Bentuk Penjajahan Gaya Baru (Neo-Kolonialisme)
Penjajahan saat ini tidak lagi datang dalam bentuk tentara bersenjata, melainkan melalui neo-kolonialisme—dominasi asing dalam aspek ekonomi, politik, hukum, dan budaya.
Ekonomi: Sistem kapitalisme global membuat negara berkembang seperti Indonesia menjadi pemasok bahan mentah murah, sedangkan nilai tambah dinikmati negara maju.
Politik: Demokrasi sekuler membuka pintu bagi oligarki dan lobi asing untuk mengendalikan kebijakan lewat pendanaan politik.

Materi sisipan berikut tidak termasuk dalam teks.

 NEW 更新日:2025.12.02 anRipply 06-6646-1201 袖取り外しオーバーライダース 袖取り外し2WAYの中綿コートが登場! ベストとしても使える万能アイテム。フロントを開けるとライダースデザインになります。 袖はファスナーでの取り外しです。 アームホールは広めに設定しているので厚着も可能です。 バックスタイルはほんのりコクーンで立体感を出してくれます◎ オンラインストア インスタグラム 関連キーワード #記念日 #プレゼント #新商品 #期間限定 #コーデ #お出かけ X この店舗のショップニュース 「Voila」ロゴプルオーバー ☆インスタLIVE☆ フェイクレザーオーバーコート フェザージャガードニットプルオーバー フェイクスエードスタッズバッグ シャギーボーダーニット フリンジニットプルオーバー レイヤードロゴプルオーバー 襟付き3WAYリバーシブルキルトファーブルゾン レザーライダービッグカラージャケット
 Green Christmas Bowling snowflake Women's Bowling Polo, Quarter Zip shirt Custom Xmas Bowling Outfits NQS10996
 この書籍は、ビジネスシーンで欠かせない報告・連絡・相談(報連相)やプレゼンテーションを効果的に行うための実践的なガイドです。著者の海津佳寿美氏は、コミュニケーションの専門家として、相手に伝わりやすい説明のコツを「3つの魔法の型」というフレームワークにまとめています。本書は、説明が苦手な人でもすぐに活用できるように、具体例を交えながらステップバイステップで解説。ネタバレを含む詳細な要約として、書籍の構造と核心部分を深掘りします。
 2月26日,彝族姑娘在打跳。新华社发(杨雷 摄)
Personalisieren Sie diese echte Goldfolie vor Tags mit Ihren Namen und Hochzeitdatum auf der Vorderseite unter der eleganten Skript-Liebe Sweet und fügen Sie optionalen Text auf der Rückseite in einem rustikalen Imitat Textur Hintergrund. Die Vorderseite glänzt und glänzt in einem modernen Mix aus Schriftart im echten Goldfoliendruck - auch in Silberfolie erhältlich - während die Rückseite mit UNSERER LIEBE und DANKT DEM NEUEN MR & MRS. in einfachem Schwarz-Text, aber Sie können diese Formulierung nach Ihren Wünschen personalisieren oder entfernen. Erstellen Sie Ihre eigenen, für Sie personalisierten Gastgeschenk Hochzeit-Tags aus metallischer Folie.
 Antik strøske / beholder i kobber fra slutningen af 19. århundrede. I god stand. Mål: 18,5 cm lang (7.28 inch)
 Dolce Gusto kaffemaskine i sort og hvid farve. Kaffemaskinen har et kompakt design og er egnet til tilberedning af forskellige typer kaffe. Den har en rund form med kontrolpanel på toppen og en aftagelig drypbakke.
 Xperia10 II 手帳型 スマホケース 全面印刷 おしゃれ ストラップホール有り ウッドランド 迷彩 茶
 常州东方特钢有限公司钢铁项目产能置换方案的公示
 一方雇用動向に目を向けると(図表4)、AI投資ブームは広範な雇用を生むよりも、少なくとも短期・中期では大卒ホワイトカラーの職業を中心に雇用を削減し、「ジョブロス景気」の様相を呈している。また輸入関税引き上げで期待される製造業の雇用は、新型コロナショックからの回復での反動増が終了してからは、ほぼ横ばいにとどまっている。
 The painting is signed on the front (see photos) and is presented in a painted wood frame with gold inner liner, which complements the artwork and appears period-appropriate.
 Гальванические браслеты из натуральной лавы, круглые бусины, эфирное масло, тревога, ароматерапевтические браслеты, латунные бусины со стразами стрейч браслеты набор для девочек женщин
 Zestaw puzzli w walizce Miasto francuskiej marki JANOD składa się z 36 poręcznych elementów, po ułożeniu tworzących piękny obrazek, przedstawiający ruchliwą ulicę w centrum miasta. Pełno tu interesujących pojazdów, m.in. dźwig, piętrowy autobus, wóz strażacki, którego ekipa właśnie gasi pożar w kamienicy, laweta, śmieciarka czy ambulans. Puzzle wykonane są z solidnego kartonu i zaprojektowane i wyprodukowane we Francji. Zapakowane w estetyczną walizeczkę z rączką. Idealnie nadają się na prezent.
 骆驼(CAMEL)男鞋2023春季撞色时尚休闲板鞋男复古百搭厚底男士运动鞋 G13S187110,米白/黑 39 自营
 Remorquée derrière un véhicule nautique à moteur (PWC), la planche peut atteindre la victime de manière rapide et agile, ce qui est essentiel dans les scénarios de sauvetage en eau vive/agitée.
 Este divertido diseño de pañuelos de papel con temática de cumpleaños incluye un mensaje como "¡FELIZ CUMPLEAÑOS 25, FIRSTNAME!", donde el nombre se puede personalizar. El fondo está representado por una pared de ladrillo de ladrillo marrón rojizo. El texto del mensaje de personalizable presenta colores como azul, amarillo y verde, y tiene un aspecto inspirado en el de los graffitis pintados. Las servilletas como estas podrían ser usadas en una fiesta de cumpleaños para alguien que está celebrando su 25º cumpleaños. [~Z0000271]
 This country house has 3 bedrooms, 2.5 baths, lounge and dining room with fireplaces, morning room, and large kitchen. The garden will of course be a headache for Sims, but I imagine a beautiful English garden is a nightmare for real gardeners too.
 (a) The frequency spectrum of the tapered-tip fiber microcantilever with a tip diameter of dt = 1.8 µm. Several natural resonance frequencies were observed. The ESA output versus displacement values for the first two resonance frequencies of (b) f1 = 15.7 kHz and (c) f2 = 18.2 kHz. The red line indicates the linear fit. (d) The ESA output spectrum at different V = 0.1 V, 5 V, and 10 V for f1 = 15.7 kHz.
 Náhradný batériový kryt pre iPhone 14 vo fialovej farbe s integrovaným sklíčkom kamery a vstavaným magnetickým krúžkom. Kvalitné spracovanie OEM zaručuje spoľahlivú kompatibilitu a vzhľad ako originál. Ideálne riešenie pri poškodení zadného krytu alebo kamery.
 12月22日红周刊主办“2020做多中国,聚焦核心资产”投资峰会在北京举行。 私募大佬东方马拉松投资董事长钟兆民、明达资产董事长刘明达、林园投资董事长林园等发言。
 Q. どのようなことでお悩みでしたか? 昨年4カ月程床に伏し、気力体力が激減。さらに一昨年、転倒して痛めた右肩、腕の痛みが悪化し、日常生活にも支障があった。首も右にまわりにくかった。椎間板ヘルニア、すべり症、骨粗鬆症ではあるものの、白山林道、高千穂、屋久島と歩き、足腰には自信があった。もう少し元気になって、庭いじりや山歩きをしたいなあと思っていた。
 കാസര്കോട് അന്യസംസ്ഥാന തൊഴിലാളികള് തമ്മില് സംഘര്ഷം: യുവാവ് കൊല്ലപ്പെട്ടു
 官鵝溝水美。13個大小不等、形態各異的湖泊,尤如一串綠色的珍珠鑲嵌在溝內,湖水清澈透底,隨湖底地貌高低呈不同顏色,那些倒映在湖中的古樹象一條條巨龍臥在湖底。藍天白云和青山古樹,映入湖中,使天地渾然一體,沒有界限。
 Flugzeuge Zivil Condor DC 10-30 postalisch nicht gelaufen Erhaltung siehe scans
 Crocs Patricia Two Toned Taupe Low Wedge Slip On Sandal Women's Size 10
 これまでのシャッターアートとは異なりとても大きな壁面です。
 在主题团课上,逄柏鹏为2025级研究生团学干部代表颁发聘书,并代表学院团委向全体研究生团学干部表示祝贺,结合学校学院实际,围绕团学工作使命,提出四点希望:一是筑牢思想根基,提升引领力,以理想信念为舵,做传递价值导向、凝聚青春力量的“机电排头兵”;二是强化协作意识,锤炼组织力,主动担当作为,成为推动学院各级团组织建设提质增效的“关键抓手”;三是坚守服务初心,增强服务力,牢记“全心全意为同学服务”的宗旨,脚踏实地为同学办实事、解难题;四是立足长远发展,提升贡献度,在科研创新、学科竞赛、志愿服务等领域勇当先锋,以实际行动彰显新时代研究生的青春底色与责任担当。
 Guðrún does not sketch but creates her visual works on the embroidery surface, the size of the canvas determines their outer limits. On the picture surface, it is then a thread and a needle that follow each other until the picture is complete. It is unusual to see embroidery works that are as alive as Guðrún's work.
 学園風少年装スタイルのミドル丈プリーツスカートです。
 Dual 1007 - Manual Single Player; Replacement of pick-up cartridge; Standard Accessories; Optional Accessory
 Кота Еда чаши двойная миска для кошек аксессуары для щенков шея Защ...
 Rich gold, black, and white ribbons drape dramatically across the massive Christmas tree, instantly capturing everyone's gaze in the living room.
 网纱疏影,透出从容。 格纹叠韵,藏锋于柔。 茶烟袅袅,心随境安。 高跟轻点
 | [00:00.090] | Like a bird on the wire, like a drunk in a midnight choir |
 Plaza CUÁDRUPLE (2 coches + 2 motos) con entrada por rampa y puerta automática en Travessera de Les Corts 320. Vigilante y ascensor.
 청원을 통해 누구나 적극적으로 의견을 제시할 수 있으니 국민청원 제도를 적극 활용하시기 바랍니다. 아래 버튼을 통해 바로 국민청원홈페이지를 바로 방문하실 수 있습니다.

Perdagangan dan Hukum: Perjanjian internasional menjadi alat hukum yang mengikat negara agar tunduk pada mekanisme pasar bebas.
Budaya: Penetrasi budaya asing melemahkan identitas Islam mayoritas rakyat dan menumbuhkan gaya hidup konsumtif dan hedon.
Sehingga kemerdekaan yang kita miliki saat ini lebih tepat disebut “kemerdekaan semu”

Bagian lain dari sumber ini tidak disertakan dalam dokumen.